1. We investigated the functional controls on light-dependent refixation of respired CO2 in photosynthetic bark of Western White Pine (Pinus monticola Dougl. ex D. Don) branches.
2. Gross photosynthesis increased with increasing intensity of photosynthetically active radiation (PAR) to > 2000 µmol m−2 s−1 and with increasing bark surface temperature from 15 to > 45 °C. Maximum observed refixation rates were 76 ± 3% (mean ± SE) of dark respiration.

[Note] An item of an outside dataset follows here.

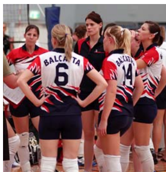
Back in business - the inform Balcatta women's Superleague moved into second spot on the PVL ladder during the week.

3. At a given temperature and irradiance, dark respiration rate was the physiological parameter that correlated most strongly with gross photosynthesis (R = 0·89, P < 0·0001, n = 43). Dark respiration rates varied 20-fold among branches. Over this range, refixation averaged 55 ± 2% of dark respiration at 25 °C and 1000 µmol PAR m−2 s−1. However, refixation was not correlated with internal CO2 concentrations in illuminated branches; these concentrations remained fairly constant.
4. Specific bark area, bark conductance to water vapour, bark chlorophyll a/b ratio, and bark nitrogen concentration varied markedly with canopy depth in mature trees.
5. Results are summarized in a simple model of refixation driven by light, temperature and dark respiration rate. The model may prove useful in assessing the quantitative significance of refixation in the carbon balance of forest trees.